In Société Technique Minière v Maschinenbau Ulm (1966) the Court of Justice stated that the words ‘object or effect’ were to be read disjunctively; this means that where an agreement has as its object the restriction of competition it is unnecessary to prove that it will produce anticompetitive effects: only if it is not clear that the object of an agreement is to restrict competition is it necessary to consider whether it might have the effect of doing so. It is still controversial, after more than 50 years of EU competition law, what constitutes a restriction of competition by object. The Court of Justice has stated, for example in Cartes Bancaires v Commission (2014, paragraph 57), that the essential legal criterion for ascertaining whether coordination between undertakings restricts competition by object is the finding ‘that such coordination reveals in itself a sufficient degree of harm to competition’. The term ‘object’ in Article 101 means the objective meaning and purpose of the agreement considered in the economic context in which it is to be applied; it is not necessary to prove that the parties have the subjective intention of restricting competition when entering into the agreement.

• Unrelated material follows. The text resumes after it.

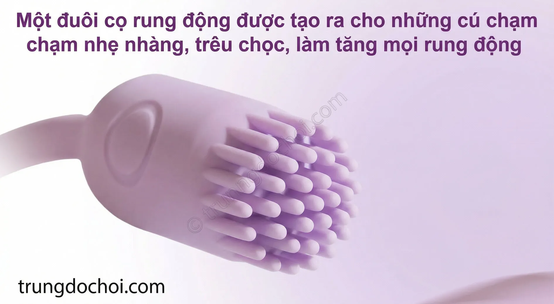 Đuôi chổi cọ fluttering (brush tail): Đây mới là điểm nhấn thiết kế chưa từng có trong phân khúc giá tầm trung. Những sợi silicon siêu mềm rung nhẹ liên tục tạo cảm giác mơn trớn (teasing) tinh tế phù hợp với vùng da nhạy cảm như ngực, đùi trong, hoặc kết hợp với đầu bullet để cùng lúc tác động hai vùng khác nhau.

However, subjective intention may be a relevant factor in assessing whether the object of an agreement is anticompetitive (Cartes Bancaires, paragraph 54). The concept of a restriction of competition by object should be interpreted restrictively (Cartes Bancaires, paragraph 58). In order to decide whether an agreement restricts competition by object, ‘regard must be had to the content of [the agreement’s] provisions, its objectives and the economic and legal context of which it forms a part. When determining that context, it is also necessary to take into consideration the nature of the goods or services affected, as well as the real conditions of the functioning and structure of the market or markets in question’ (Cartes Bancaires, paragraph 53).
Advocate General Kokott’s Opinion in T-Mobile (2009) includes an interesting discussion of why Article 101(1) makes a distinction between object and effect restrictions. First, the classification of certain types of agreement as restrictive by object ‘sensibly conserves resources of competition authorities and the justice system’ (T-Mobile Opinion, paragraph 43). The fact that a competition authority does not need to demonstrate, for example, that a horizontal price-fixing agreement produces adverse economic effects relieves it of some of the burden that would otherwise rest upon it. Secondly, the Advocate General pointed out that the existence of object restrictions ‘creates legal certainty and allows all market participants to adapt their conduct accordingly’ (T-Mobile Opinion, paragraph 43) adding that, although the concept of restriction by object should not be given an unduly broad interpretation, nor should it be interpreted so narrowly as to deprive it of its practical effectiveness (T-Mobile Opinion, paragraph 44). Thirdly, she pointed out that, just as a law that forbids people from driving cars when under the influence of alcohol does not require, for a conviction, that the driver has caused an accident—that is to say proof of an effect—so, in the same way, Article 101(1) prohibits certain agreements that have the object of restricting competition, irrespective of whether they produce adverse effects on the market in an individual case (T-Mobile Opinion, paragraph 47); such agreements will be permitted, therefore, only where the parties can demonstrate that they will lead to economic efficiencies of the kind set out in Article 101(3), and that a fair share of those efficiencies will be passed on to consumers. A competition authority is entitled to conclude that an agreement restricts competition both by object and by effect (Hungarian Banks, paragraphs 33 to 44).
Section 1 of the US Sherman Act 1890 characterises some agreements as per se illegal, whereas others are subject to so-called ‘rule of reason’ analysis. Where there is a per se infringement it is not open to the parties to the agreement to argue that it does not restrict competition: it belongs to a category of agreement that has, by law, been found to be restrictive of competition. There is an obvious analogy between an agreement that is per se illegal under the Sherman Act and one that is restrictive of competition by object under Article 101(1). However there is an important difference between section 1 of the Sherman Act and Article 101 TFEU in that, even if an agreement has as its object the restriction of competition, that is to say that it infringes Article 101(1) per se, the parties can still attempt to justify it under Article 101(3). This possibility does not exist in US law, since there is no equivalent of Article 101(3) in that system. In this sense a judgment such as that of the US Supreme Court in Leegin (2007), in which it determined that minimum resale price maintenance should be analysed under the rule of reason rather than being per se illegal, brings US law into alignment with that of the EU: it has always been possible to argue that resale price maintenance satisfies Article 101(3), even though it is classified as having as its object the restriction of competition for the purpose of Article 101(1).